Excerpts from Pliny’s Letter to Sura
A Haunted House
There stood at Athens a spacious and roomy house, but it had an evil reputation of being fatal to those who lived in it. In the silence of the night the clank of iron and, if you listened with closer attention, the rattle of chains were heard, the sound coming first from a distance and afterwards quite close at hand. Then appeared the ghostly form of an old man, emaciated, filthy, decrepit, with a flowing beard and hair on end, with fetters round his legs and chains on his hands, which he kept shaking. The terrified inmates passed sleepless nights of fearful terror, and following upon their sleeplessness came disease and then death as their fears increased. For every now and again, though the ghost had vanished, memory conjured up the vision before their eyes, and their fright remained longer than the apparition which had caused it. Then the house was deserted and condemned to stand empty, and was wholly abandoned to the spectre, while the authorities forbade that it should be sold or let to anyone wishing to take it, not knowing under what a curse it lay.
The philosopher Athenodorus came to Athens, read the notice board, and on hearing the price hesitated, because the low rent made him suspicious.

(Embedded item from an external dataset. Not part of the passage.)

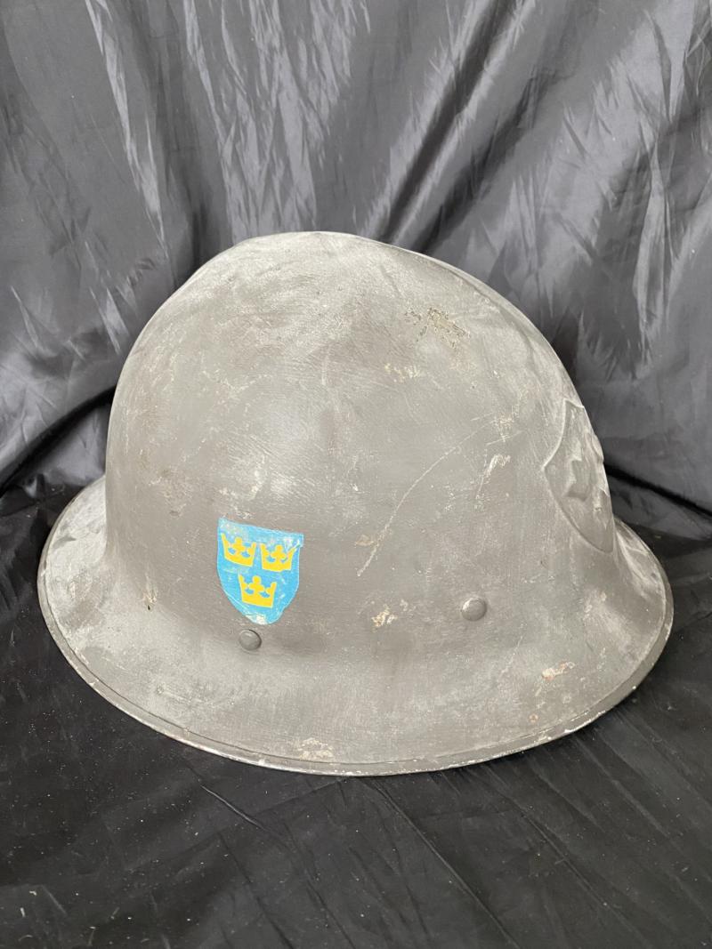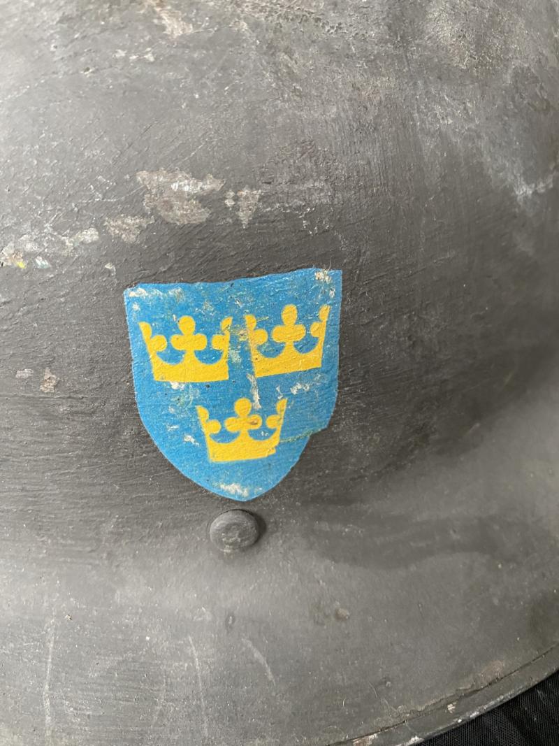 This is a very nice Swedish M21 Helmet with 1940s double decals, fitted with its liner and chin strap, this is a nice helmet to add to the collection.

Then he was told the whole story, and, so far from being deterred, he became the more eager to rent it When evening began to fall, he ordered his people to make him up a bed in the front of the house, and asked for his tablets, a pen, and a lamp. Dismissing all his servants to the inner rooms, he applied mind, eyes, and hand to the task of writing, lest by having nothing to think about he might begin to conjure up the apparition of which he had been told and other idle fears.
At first the night was just as still there as elsewhere, then the iron was rattled and the chains clanked. Athenodorus did not raise his eyes, nor cease to write, but fortified his resolution and closed his ears. The noise became louder and drew nearer, and was heard now on the threshold and then within the room itself. He turned his head, and saw and recognised the ghost which had been described to him. It stood and beckoned with its finger, as if calling him; but Athenodorus merely motioned with his hand, as if to bid it wait a little, and once more bent over his tablets and plied his pen. As he wrote the spectre rattled its chains over his head, and looking round he saw that it was beckoning as before, so, without further delay, he took up the lamp and followed.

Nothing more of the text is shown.